- Your task: Please write out the whole listing that follows exactly; the pictures stay out.

- Raw data:
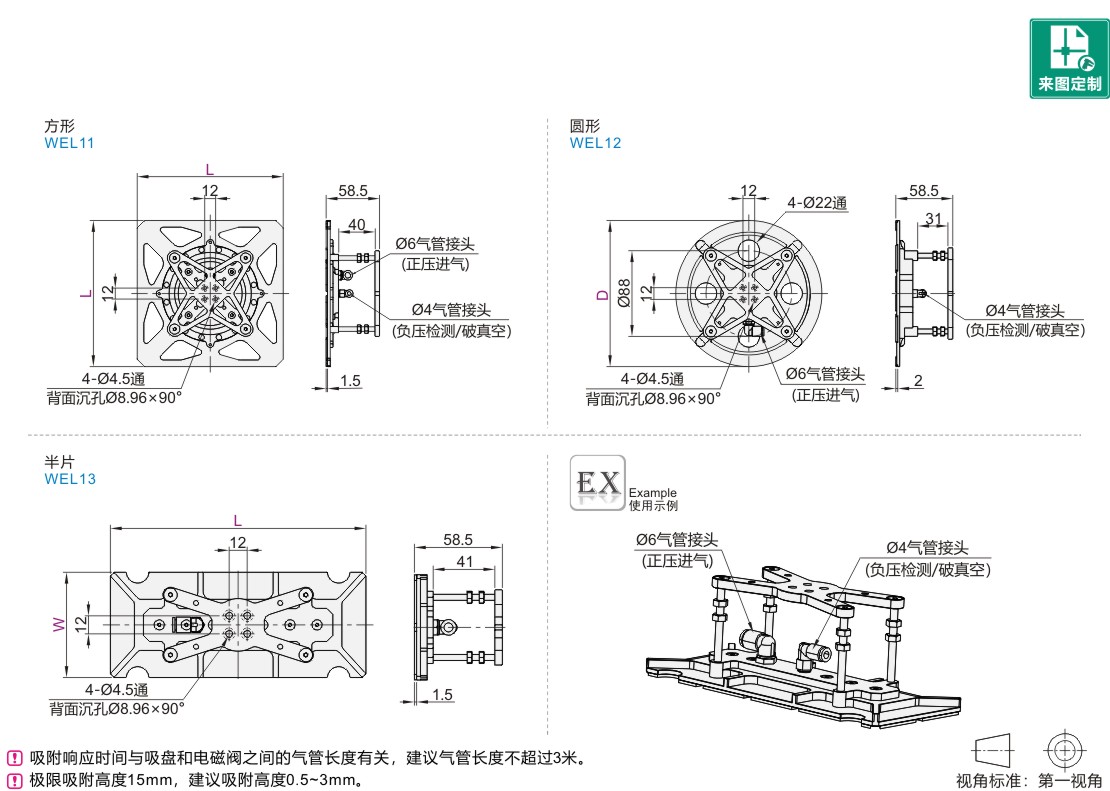 接入压缩空气即可工作,尤其适合于吸附搬运受压易损产品,吸盘自带双接头,
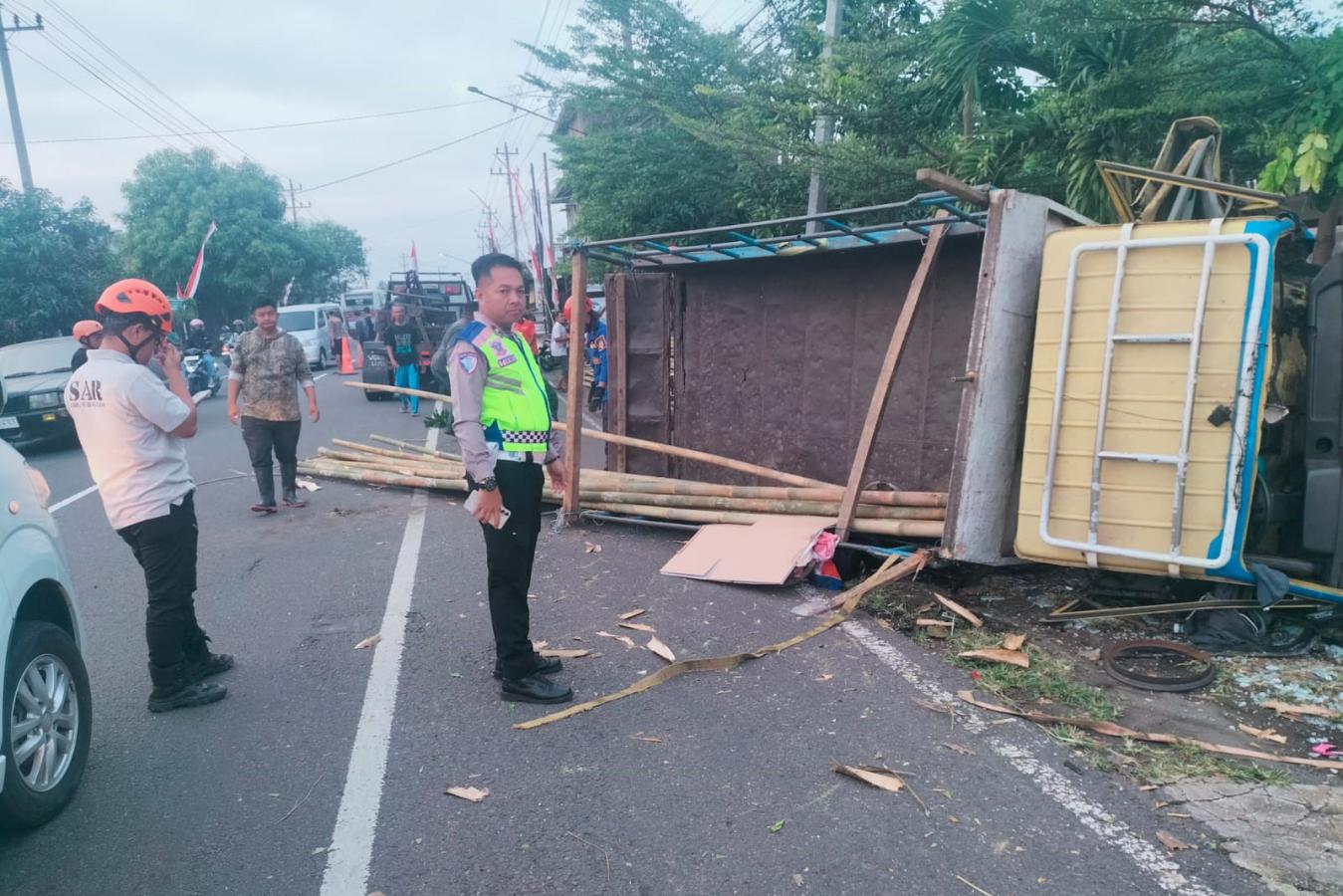 Informasi yang terhimpun menyebutkan, truk yang memuat bambu dengan noomor polisi AE 8141 YF berjalan dari arah selatan ke utara arah Sukoharjo. Setiba di lokasi kejadian, tiba-tiba truk oleng ke kiri setelah itu truk membentur tiang lampu yang ada di pinggir jalan hingga akhirnya terguling ke kanan.
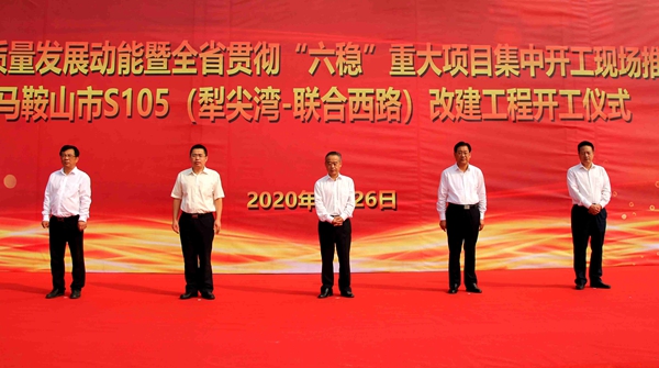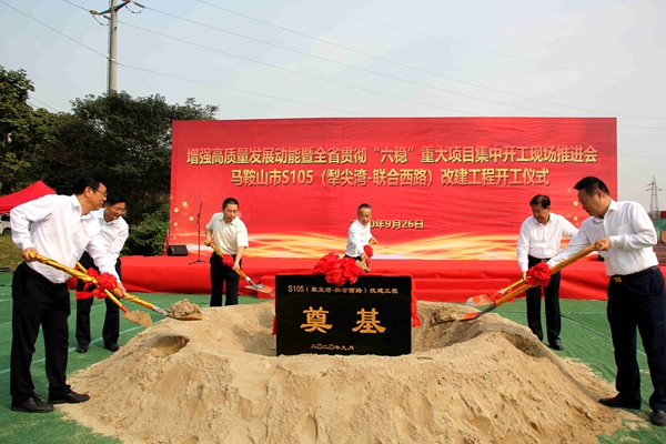 9月26日上午,增強(qiáng)高質(zhì)量發(fā)展動(dòng)能暨全省貫徹“六穩(wěn)”重大項(xiàng)目集中開(kāi)工現(xiàn)場(chǎng)推進(jìn)會(huì)(馬鞍山市分會(huì)場(chǎng))在公司承建的S105(犁尖灣-聯(lián)合西路)改建工程現(xiàn)場(chǎng)舉行,該項(xiàng)目開(kāi)工儀式同期舉辦。馬鞍山市委書(shū)記張?jiān)婪宄鱿瘍x式并宣布工程開(kāi)工,市委副書(shū)記、市長(zhǎng)袁方,公司黨委副書(shū)記、總經(jīng)理錢(qián)申春分別致辭。

- Solution to the problem:
 接入压缩空气即可工作,尤其适合于吸附搬运受压易损产品,吸盘自带双接头,
 Informasi yang terhimpun menyebutkan, truk yang memuat bambu dengan noomor polisi AE 8141 YF berjalan dari arah selatan ke utara arah Sukoharjo. Setiba di lokasi kejadian, tiba-tiba truk oleng ke kiri setelah itu truk membentur tiang lampu yang ada di pinggir jalan hingga akhirnya terguling ke kanan.
 9月26日上午,增強(qiáng)高質(zhì)量發(fā)展動(dòng)能暨全省貫徹“六穩(wěn)”重大項(xiàng)目集中開(kāi)工現(xiàn)場(chǎng)推進(jìn)會(huì)(馬鞍山市分會(huì)場(chǎng))在公司承建的S105(犁尖灣-聯(lián)合西路)改建工程現(xiàn)場(chǎng)舉行,該項(xiàng)目開(kāi)工儀式同期舉辦。馬鞍山市委書(shū)記張?jiān)婪宄鱿瘍x式并宣布工程開(kāi)工,市委副書(shū)記、市長(zhǎng)袁方,公司黨委副書(shū)記、總經(jīng)理錢(qián)申春分別致辭。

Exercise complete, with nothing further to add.